Some thoughts we have on the Devils lately:
— We are very lucky that our team has, every year since the lockout, given us the opportunity to watch them be the best team in hockey for a substantial stretch of time. Not every fan gets to say that, and we really enjoy it. We don’t want to sound ungrateful, or suggest that we don’t appreciate those five-, six-, seven-, whatever-week runs where we can’t help but think about how not a single team in the league could take four of seven against our boys. But the problem with the Devils doing that every season is that they haven’t timed that run very well since ’05-’06. And they fall off a fucking cliff every February. You know what makes a colossally awful stretch run even more interminable than the lousy hockey is on its own? Having to watch that lousy hockey while knowing — having incontrovertible proof — that the very same group of players and coaches that are crapping the bed night after night are capable of being the best team in the league. So yeah, what we’re saying is that we wouldn’t mind the annual March Swoon quite so much if it wasn’t always immediately following the annual “the Devils are really, really, really awesome” non-swoon.
— You know what else is making this year’s Swoon so insufferable? Chico. We realize he’s under orders from MSG to say only glowing things about the home team (or at least, we’re assuming he is, based on how the other MSG announcers act), but still. Aren’t there ways to do that without insulting the viewers’ intelligence so grievously? When the Devils got shut out by the worst team in the league in the game after they gave up five straight goals to the Flames, and Chico announced to us that he was shocked by the outcome, we finally reached our wits’ ends. That Oilers game was many things, but shocking was not one of them. We are seriously considering watching tomorrow’s Devils/Rangers game with the sound off.
— Hey, you know what’s good, though? We didn’t get Scott Niedermayer at the trade deadline.
— You know what’s bad, though? We did get Martin Skoula. Are we sure he’s not Niclas Havelid in a Martin Skoula outfit? Or, worse yet, Phil Housley?

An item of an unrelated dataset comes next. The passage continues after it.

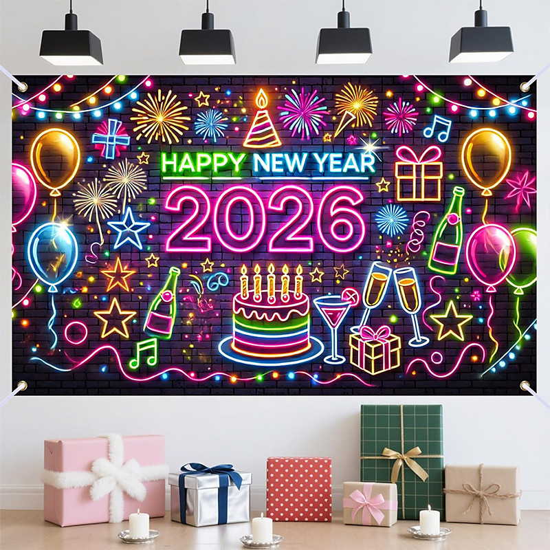New Year Tapestry Banners Blanket Happy New Year 2026 Cute Romantic 3D Bedroom Living Room Dorm Teens Room College Dorm Wall Porch Home Decor
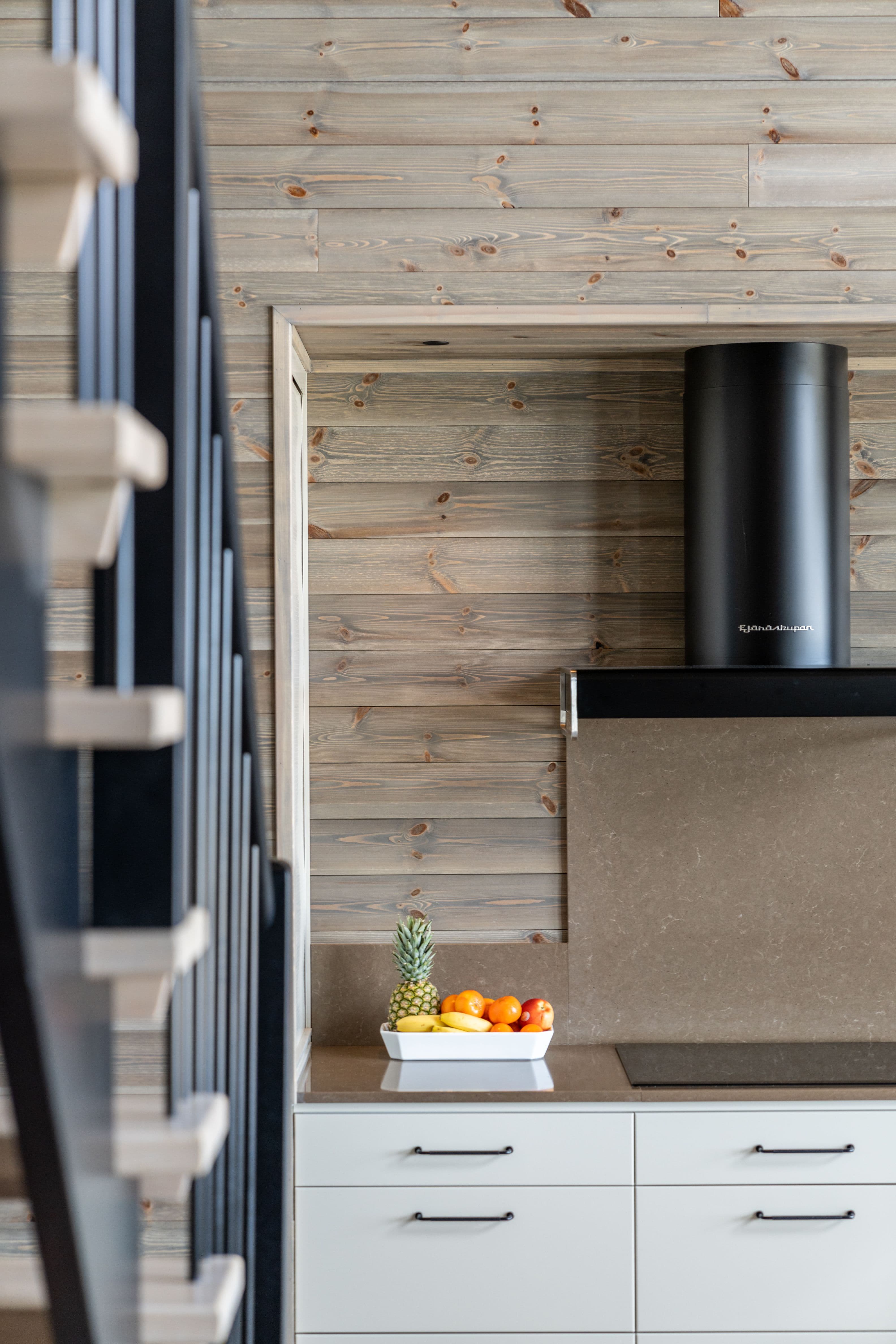 Och hon är supernöjd med sitt val av träpanel; och att använda samma träpanel från golv ända upp till nock i det stora rummet som har en öppen planlösning för kök och vardagsrum blev precis så bra som Frida tänkt sig.

— We know the Devils aren’t listening to us, because they don’t listen to anything this time of year other than the siren song of their vacation homes. But if they could hear us, we would like to say just this: “Shoot the fucking puck, you sad fucking fucks.” The are killing us with this refusal to shoot. If this was what they were planning to become, Lou should have just kept Gomez and Gionta. (Yeah, ouch.)
— But on the bright side, we hear that Lemaire is bringing back the Showdown at the Triple Z Ranch line! That’ll be fun for the one or two shifts they stay together.
— There is something that brings us constant joy during Devils games lately, though. It’s that Just For Men Touch of Gray commercial where the dude gets age discriminated against and sexually harassed during his job interview. Who wouldn’t want to work at that company? If only Just For Men Touch of Gray worked for women, we’d be applying there right this minute.
— We were out to lunch yesterday, so we want to wish Mags a super-happy day after her birthday today. Gefeliciteerd met je verjaardaag, Mags! (Only add some Dutch in there to make it say “day after your birthday” instead of just plain “birthday”.)
— Also, let’s all promise to be best friends forever, m’kay? Good luck in college, everyone!